Scientific classification
- Kingdom: Animalia
- Phylum: Chordata
- Class: Mammalia
- Infraclass: Marsupialia
- Order: Diprotodontia
- Family: Macropodidae
- Genus: Petrogale
- Species: P. persephone
- Binomial name: Petrogale persephone Maynes, 1982

= Proserpine rock-wallaby =

- Genus: Petrogale
- Species: persephone
- Authority: Maynes, 1982
- Conservation status: EN

Species of marsupial

The Proserpine rock-wallaby (Petrogale persephone) is a species of rock-wallaby restricted to a small area in Conway National Park, Dryander National Park, Gloucester Island National Park, and around the town of Airlie Beach, all in the Whitsunday Region of Queensland, Australia.
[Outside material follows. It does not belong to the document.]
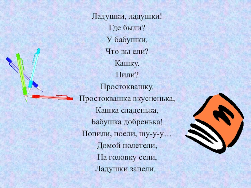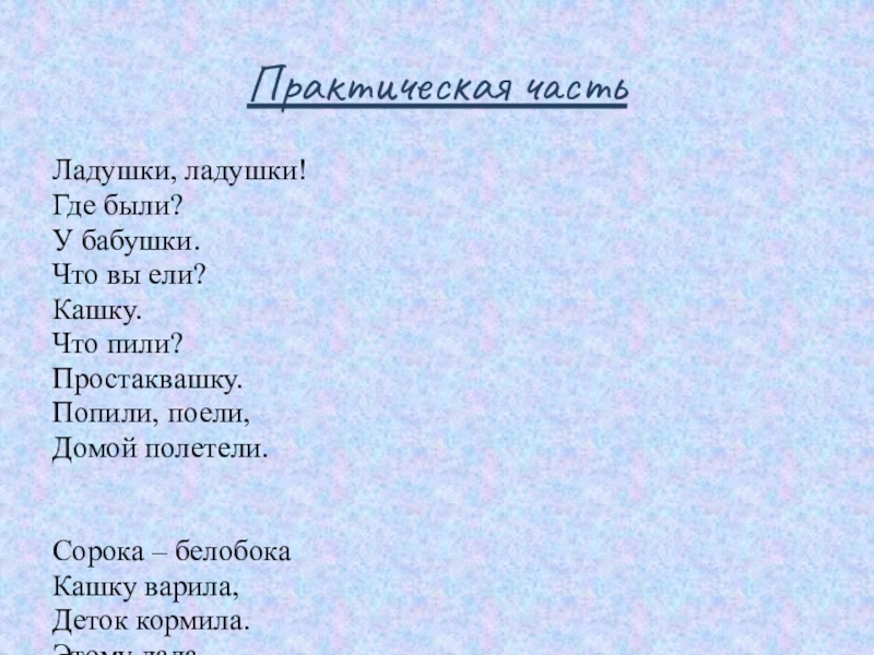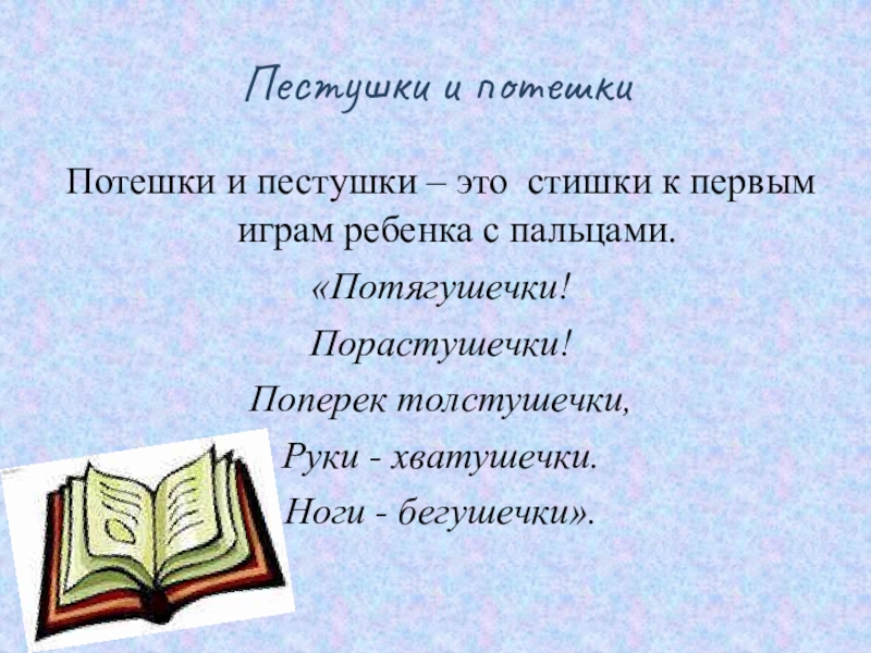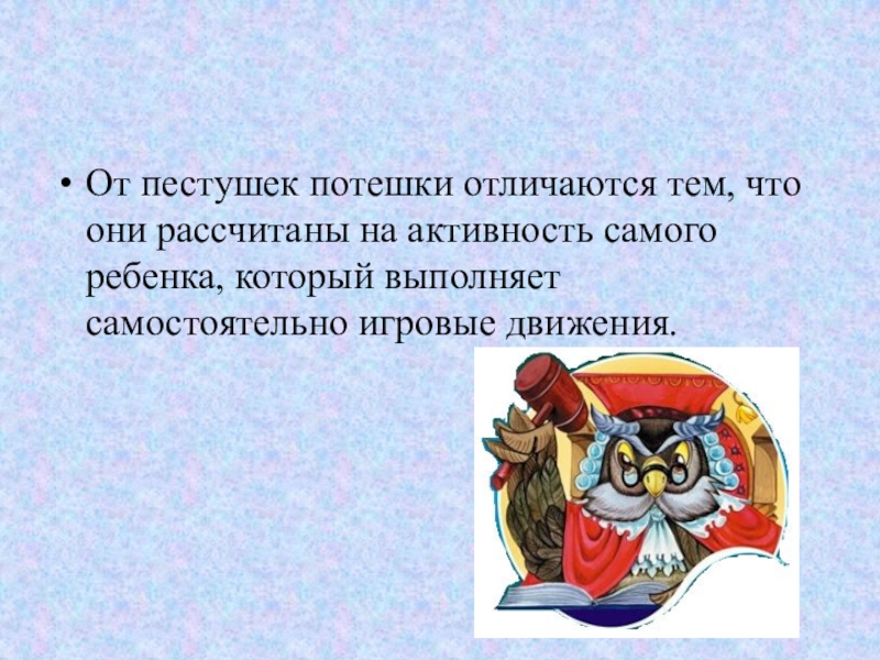 Слайд 6От пестушек потешки отличаются тем, что они рассчитаны на активность самого

The name is the Greek myth of Persephone (Proserpina in Latin), as well as from the location they were discovered. With its mythological background, the name symbolizes the fortuitous finding of the species at the beginning of spring and the restoration of knowledge of the species to mankind. In 1992 the species was listed as Endangered under the Endangered Species Protection Act, and in 1999, the Proserpine rock-wallaby was once again listed as 'Endangered' under the Commonwealth Environmental Protection and Biodiversity Conservation Act (EPBC), which became effective on June 16th, 2000. It was most recently assessed by the IUCN in 2015 with it listing as endangered under criteria B1ab(iii,v).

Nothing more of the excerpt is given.